*AVAILABLE RECORDS*.
+++++

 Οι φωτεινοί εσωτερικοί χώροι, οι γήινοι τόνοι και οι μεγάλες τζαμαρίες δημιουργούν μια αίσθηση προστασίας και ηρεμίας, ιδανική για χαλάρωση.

+++++

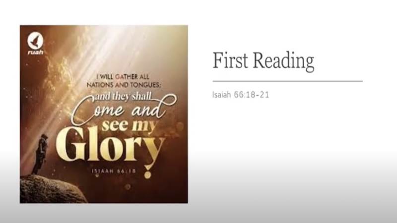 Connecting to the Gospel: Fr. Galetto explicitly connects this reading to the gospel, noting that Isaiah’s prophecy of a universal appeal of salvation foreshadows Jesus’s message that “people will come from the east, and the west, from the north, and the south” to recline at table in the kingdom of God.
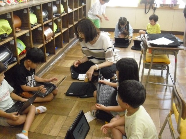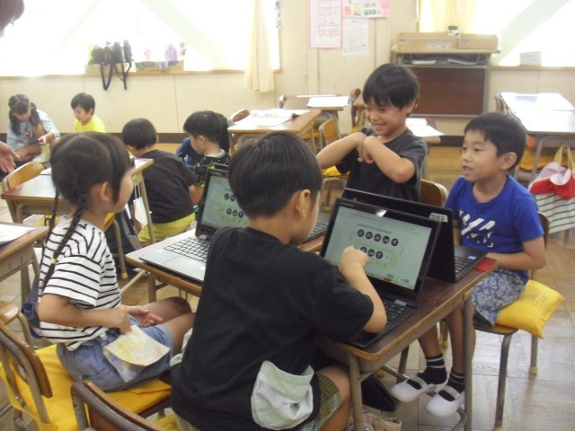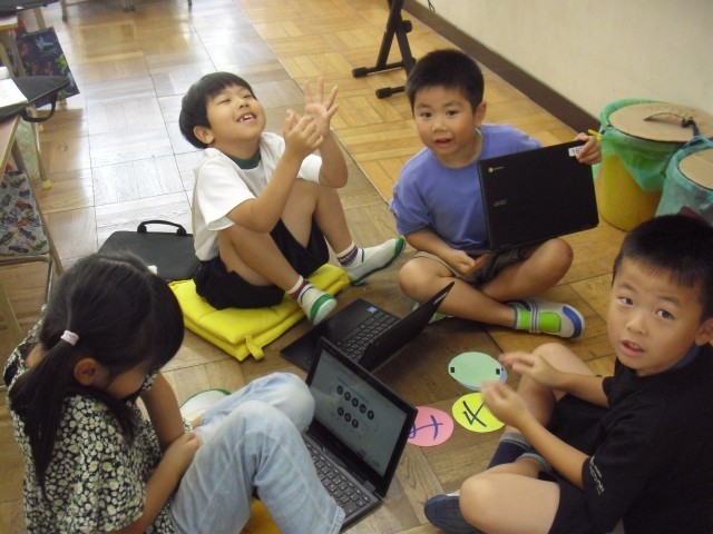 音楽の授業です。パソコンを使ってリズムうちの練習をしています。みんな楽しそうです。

+++++

*WHAT IS BEING ASKED*. The answer is those lines of the material above that run from the one containing "Connecting to the" up to and including the one containing "音楽の授業です。パソコンを使", restated exactly and without images.

*TASK RESULT*.
 Connecting to the Gospel: Fr. Galetto explicitly connects this reading to the gospel, noting that Isaiah’s prophecy of a universal appeal of salvation foreshadows Jesus’s message that “people will come from the east, and the west, from the north, and the south” to recline at table in the kingdom of God.
 音楽の授業です。パソコンを使ってリズムうちの練習をしています。みんな楽しそうです。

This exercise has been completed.